The Scrubs episode they did where they imagined what the show would like if were a multi-camera sitcom styled show, really rang hollow for me, because I think it revealed how closely aligned Scrubs is with the ‘conventional’ sitcom tradition. Let’s be clear: I don’t consider that to be a bad thing, and that is not to say that Scrubs isn’t different from the typical sitcom- clearly their aesthetic and structural choices differentiate them from the multi-camera comedy format, as well as the oft cited fast pace of the show and of course, the show’s very good writing. I also LOVE Scrubs, so it pains me to say these things- but I find touting these differences as somehow showing a superiority over shows that are more ‘conventionally’ inclined, kind of sickening- NOT because those aesthetic choices don’t have merit as enhancing the Scrubs experience, but because I think it is highly hypocritical to take such a rarefied stance, particularly for a show that is as emotionally manipulative and as reliant upon what have now become show ‘tics’, as Scrubs – i.e. the show has it’s own structural and aesthetic cliches, its own go-to repetitive jokes. To say that they are superior and less condescending to the viewer (as is implied by some interview with John C. McGinley- Dr Cox), is within itself a condescension that is not erased by the fact that they engineered them or that they are unusual from the norm.

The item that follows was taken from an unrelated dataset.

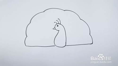 接下来,画开屏的尾巴。这里如果你有半圆且有弧形的尺子,就用它画出开屏的尾巴。没有的话就画不规则弧度的尾巴吧。

But I digress. I really didn’t mean to rant about Scrubs special features (which I will never, ever watch again- the same thing happened to me when I watched the Scrubs special features on Season One… and Season Three- so really, it was just shame on me for burning myself again).

The point I was getting to was, that as much as I like to talk about how high/low cultural divides bug me to no end (particularly because such arguments vindicate my trashy tastes), I am often just as hypocritically pretentious as the people I complain about. For example if you were to ask me what song I was just listening to- I would totally consider lying if you were a stranger. Instead of immediately answering ‘Nelly Furtado’s Maneater’, I would probably say something like ‘um…’ and then think really hard about what cliche I don’t want to project: hmmm Can? too weird/pretentious/no one ever knows what I’m talking about, Britney? too pop, and then I’ll have to justify why I was listening to her, MIA? too hipster and too many people look down their nose at her, Eagles of Death Metal? strangely neutral and hard to pigeon hole a girl with, yet… I might as well answer QOTSA, Slint? that would REALLY be lying, Bowie? a largley unimpeachable choice, in fact is he SO unimpeachable it becomes a meaningless response?, Arcade Fire?- I wonder if they’re the new indie cliche?, Any number of girl singer songwriters- too girly. At this point I get tired and just tell the truth. However, the fact that I even think these things reveals a depth of pretentiousness (plus reveals again, how I over think things) that I’m trying my best to tamp down all the time.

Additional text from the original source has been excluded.